光华讲坛——社会名流与企业家论坛第 5747 期
主 题:Multiply robust estimation of causal effects under principal ignorability
主讲人:加州大学伯克利分校丁鹏副教授
主持人:统计学院林华珍教授
时间:2021年5月17日(周一)上午10:00-11:00
直播平台及会议ID:腾讯会议,150 885 634
主办单位:统计研究中心和统计学院 科研处
主讲人简介:
Peng Ding is an Associate Professor in the Department of Statistics, UC Berkeley. He obtained his Ph.D. from the Department of Statistics, Harvard University in May 2015, and worked as a postdoctoral researcher in the Department of Epidemiology, Harvard T. H. Chan School of Public Health until December 2015. Previously, he received his B.S. (Mathematics), B.A. (Economics), and M.S. (Statistics) from Peking University.

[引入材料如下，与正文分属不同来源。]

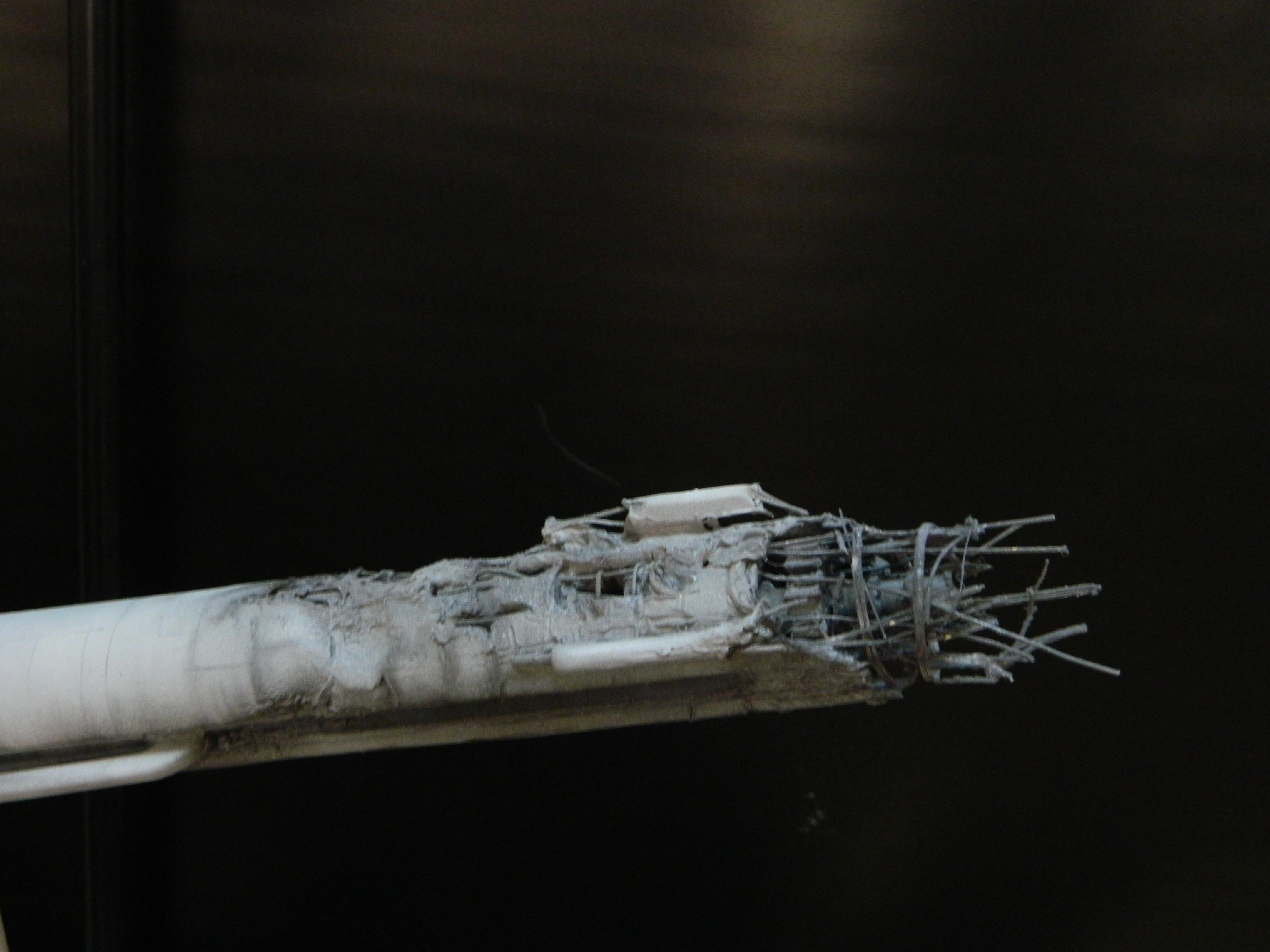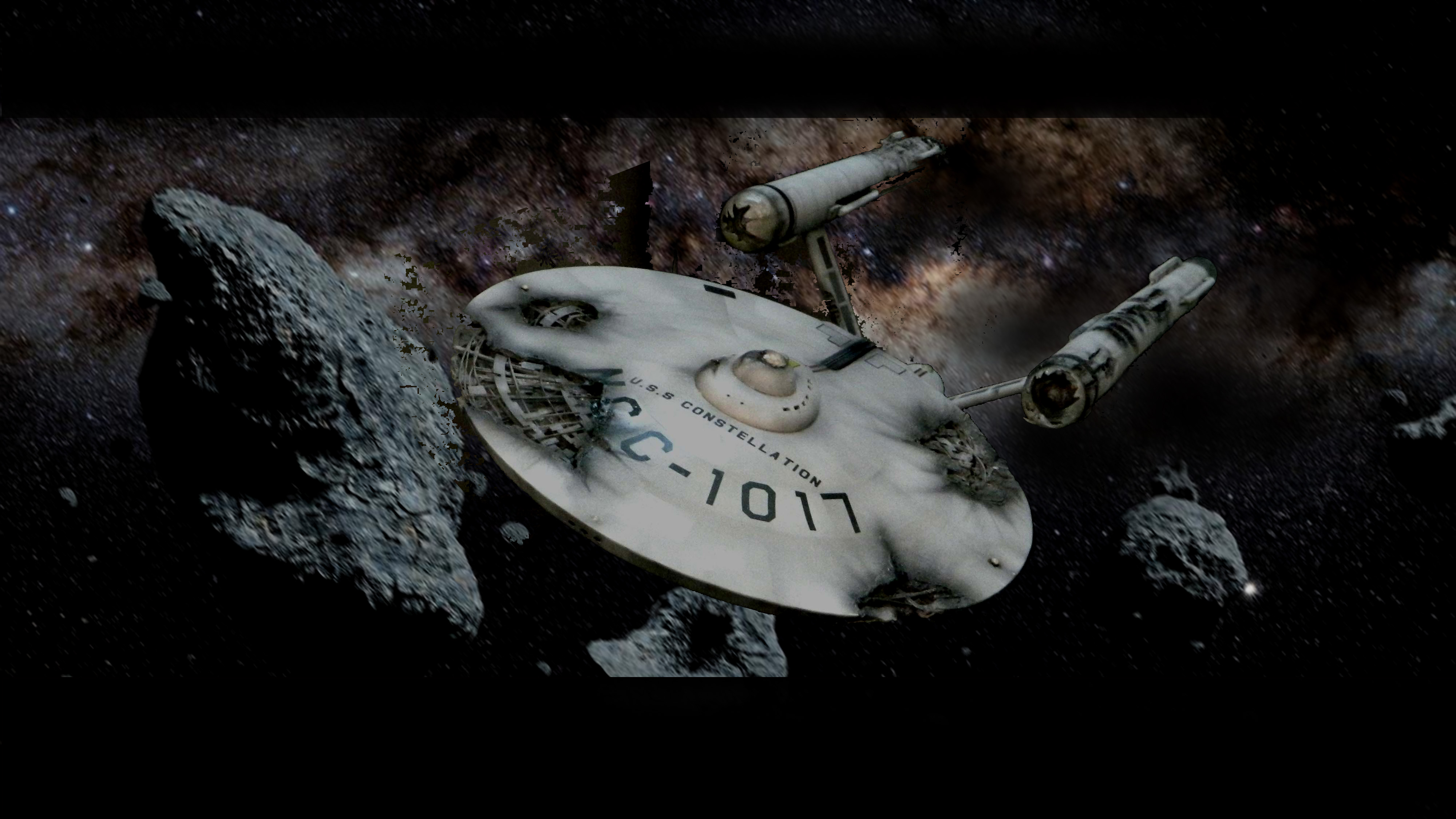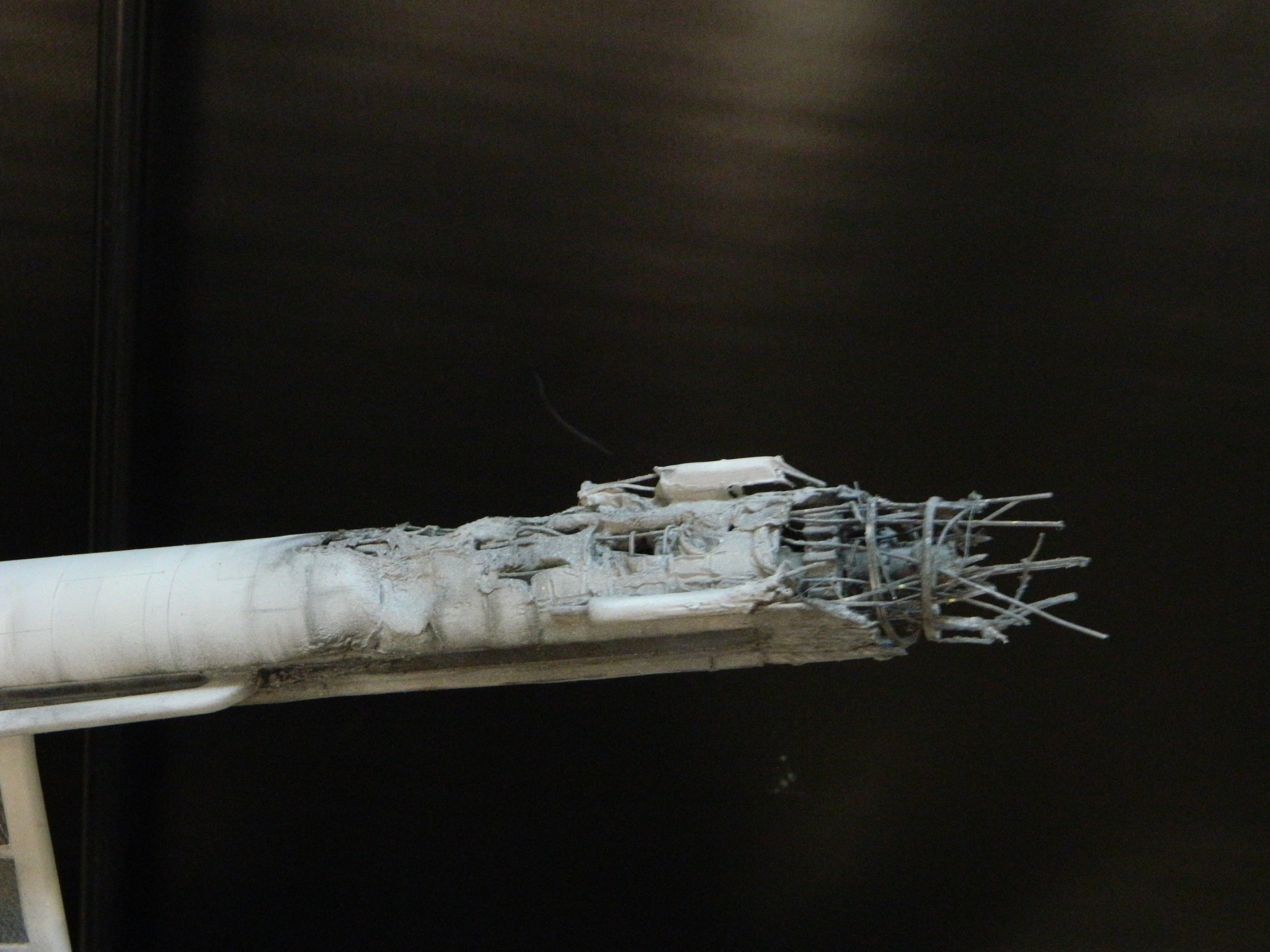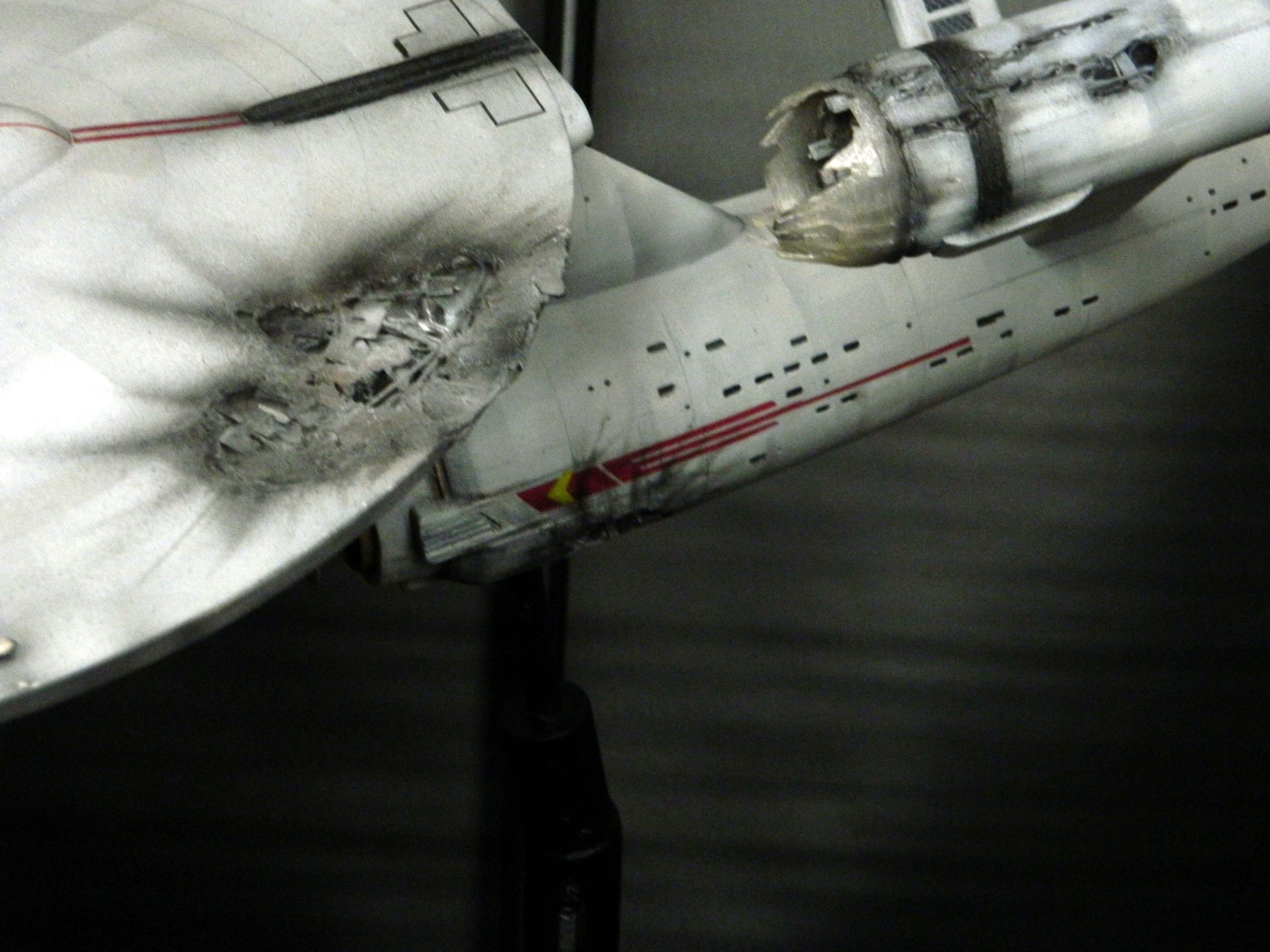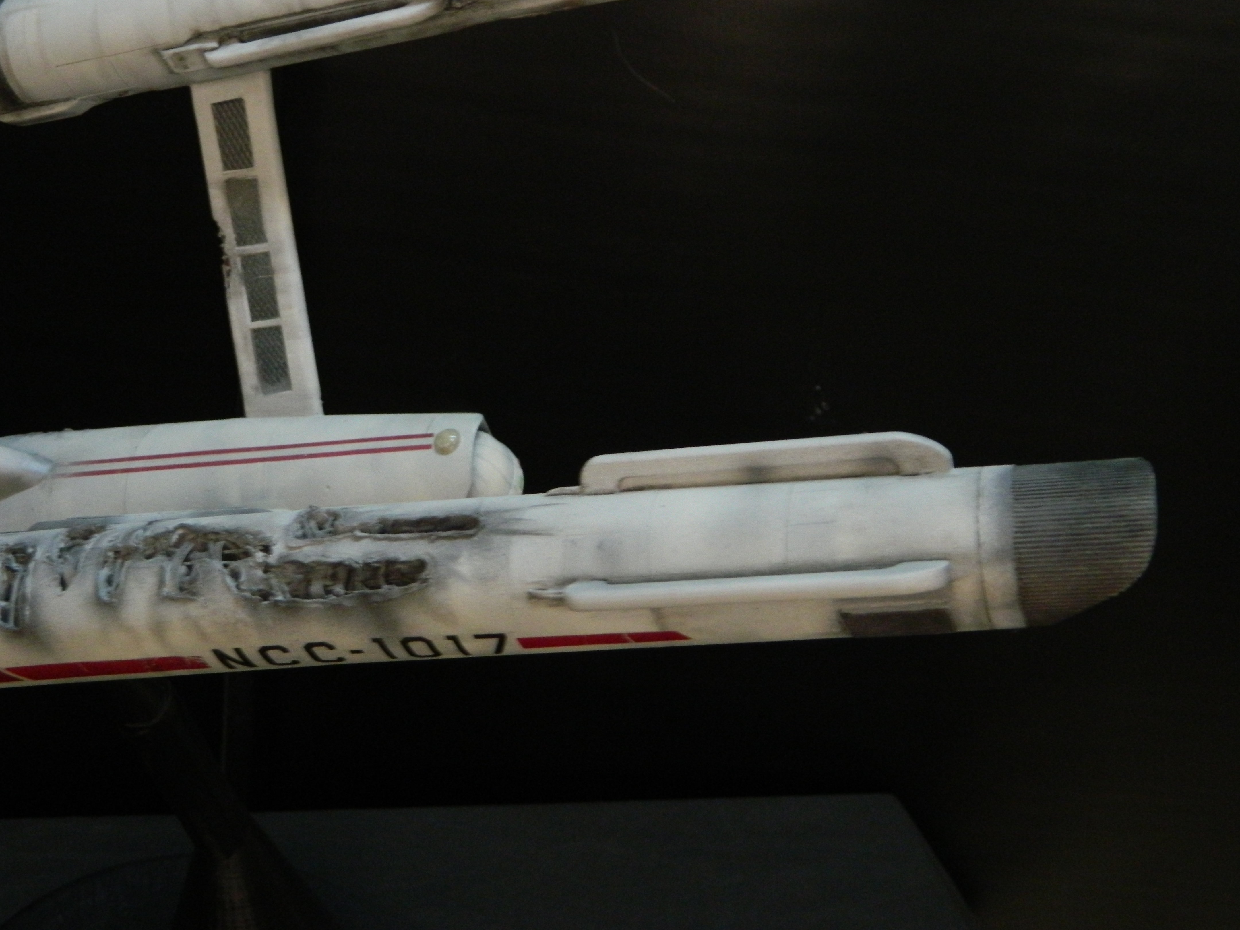 The USS Constellation has always stuck in my mind. The Planet Killer nearly destroyer her, and was eventually destroyed by her. The wreckage we saw in the original series was a simple AMT Model kit. When the HD version came out, the digital model makers for that series really upped what we viewed of this Starship. The twisted metal girders, and sparks… along with open voids of saucer section that leave a chill on my skin ever time I view it. Artist Paul Craggs captured those HD moments greatly in his own 3D printed work of art you see here, along with Paul’s wife in the photos for scale… (or the second model in the photos… heh heh). 😉 The Starship is even sitting on a tilt… as it should be. Beautifully completed.

丁鹏,加州大学伯克利分校统计学系副教授。他于2015年5月获得哈佛大学统计学系博士学位,并于2015年12月在哈佛大学公共卫生学院流行病学学系做博士后。在此之前,他从北京大学取得经济学和数学学士学位和统计学硕士学位。
内容提要:
Causal inference concerns not only the average effect of the treatment on the outcome but also the underlying mechanism through an intermediate variable of interest. Principal stratification characterizes such mechanism by targeting subgroup causal effects within principal strata, which are defined by the joint potential values of an intermediate variable. Due to the fundamental problem of causal inference, principal strata are inherently latent, rendering it challenging to identify and estimate subgroup effects within them. A line of research leverages the principal ignorability assumption that the latent principal strata are mean independent of the potential outcomes conditioning on the observed covariates. Under principal ignorability, we derive various nonparametric identification formulas for causal effects within principal strata in observational studies, which motivate estimators relying on the correct specifications of different parts of the observed-data distribution. Appropriately combining these estimators further yields new triply robust estimators for the causal effects within principal strata. These new estimators are consistent if two of the treatment, intermediate variable, and outcome models are correctly specified, and they are locally efficient if all three models are correctly specified. We show that these estimators arise naturally from either the efficient influence functions in the semiparametric theory or the model-assisted estimators in the survey sampling theory. We evaluate different estimators based on their finite-sample performance through simulation, apply them to two observational studies, and implement them in an open-source software package.
因果推理不仅涉及治疗对结局的平均效果,而且还涉及所关注的中间变量的潜在机制。主要分层通过针对主要分层内的亚组因果效应来表征这种机制,该效应由中间变量的联合势能值定义。由于因果推理的基本问题,主要层次具有内在的潜在性,因此很难识别和估计其中的子组效应。一系列研究利用了主要可忽略性的假设,即潜在的主要层次是均值,与观察到的协变量的潜在结果条件无关。在主要可忽略性下,我们为观测研究中的主要层级内的因果效应推导了各种非参数识别公式,这些公式激发了估计者依赖于观测数据分布不同部分的正确规范。适当地组合这些估计量,可以进一步得出针对主要层次内因果关系的三重鲁棒估计量。如果正确指定了治疗模型,中间变量模型和结果模型中的两个,则这些新的估计量是一致的;如果正确指定了所有三个模型,则它们在局部有效。我们表明,这些估计量自然来自半参数理论中的有效影响函数或调查抽样理论中的模型辅助估计量。我们通过仿真基于有限样本性能评估不同的估计量,将它们应用于两个观测研究,并在开源软件包中实施它们。